Ciudad de México

Venezuela está inmersa en un bucle de caos. Tras una elección cuestionable y la incapacidad gubernamental de dar certeza, opositora de sofocar violencia y estadounidense de apaciguar impulsos intervencionistas, la ingobernabilidad estalló. Los llamados a la cordura de Brasil, Colombia y México fueron de los contados actos de mesura en un ambiente irrespirable. Culpar solo al poschavismo sería pereza mental con los antecedentes de desestabilización planeada en Washington. Si un golpe de Estado no ha sido consumado en estos días aciagos es porque los fajos verdes del norte no llegan (aún) a los otros verdes: los uniformados del sur. Cuando las aguas se templen y venga el desempate en lo que hoy es un tablero atorado, la historia regional repudiará la mano externa que cultivó la necrofilia en patio ajeno.

Los presidentes estadounidenses son corresponsables de la desestabilización venezolana. Obama escribió el primer capítulo de una obra fallida en el 2015 cuando sancionó a siete altos funcionarios por su implicación en actos de represión en febrero 2014, ya sin Chávez. En ese momento la focalización en la cúpula era la norma, pero Trump impuso en agosto del 2017 nuevas sanciones mediante el decreto 13808 que declaraba una “emergencia nacional” so pretexto de violaciones a los derechos humanos, aunque después sería evidente que la intención real era el cambio de régimen. El castigo social fue profundizado en enero del 2019 (decreto 13857) cuando Trump reconoció a Juan Guaidó como presidente interino, acto de implicaciones económicas devastadoras.

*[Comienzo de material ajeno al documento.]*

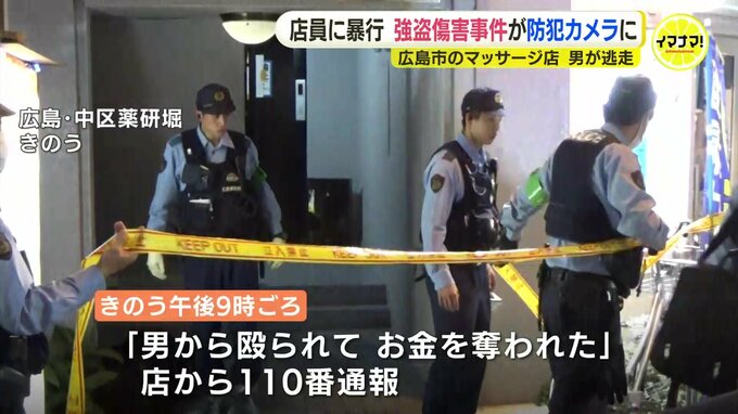 警察によりますと、24日午後9時ごろ、広島市中区薬研堀にあるマッサージ店から「男から殴られてお金を奪われた」と110番通報がありました。

Estados Unidos no gatilló el descenso económico, pero sí la depresión. Tras la muerte de Chávez en 2013, el PIB se contrajo en un cuarto entre 2013 y 2016 y la inflación tocó tres dígitos con la caída internacional de los precios del petróleo a menos de 30 dólares por barril (enero 2016). Además de las vulnerabilidades seculares de una economía de monocultivo y los errores de política económica acumulados, la mayoría opositora en la Asamblea Nacional (2015) dejó sin aprobación cualquier préstamo externo al gobierno y declaró que cuando llegara al poder no reconocería la emisión de nuevos bonos: un cierre de puerta de facto a cualquier renegociación de la deuda soberana. Encima, las sanciones del 2017 impidieron la reestructuración crediticia de PDVSA en los mercados financieros de Estados Unidos. Antes de la pandemia de COVID, la economía entró en severo estrés.

Para dimensionar las sanciones, hay que pintar al diablo. Trump redujo a cero las importaciones de petróleo venezolano, cuando en 2018 más de un tercio de la producción (unos 600 mil barriles diarios) terminaba en Estados Unidos. Además, presionó a las refinerías de India y otros países a cortar lazos con Venezuela, amenazas creíbles por el poder asimétrico estadounidense de sancionar a instituciones extranjeras. También congeló reservas en oro y confiscó 1.2 mmdd de reservas en el Banco de Inglaterra y una planta de fertilizantes en Colombia valorada en 269 mdd. El FMI, donde EE.UU. manda y guarda poder de veto, suspendió en 2019 el acceso de Venezuela a 400 mdd en derechos especiales de giro. Asimismo, Trump cortó a la Reserva Federal y a todos los bancos estadounidenses de las rutas venezolanas para realizar pagos internacionales, forzándolas a suspender sus servicios de corresponsalía por miedo al estigma y a represalias. Contra su voluntad, Venezuela fue aislada del mundo.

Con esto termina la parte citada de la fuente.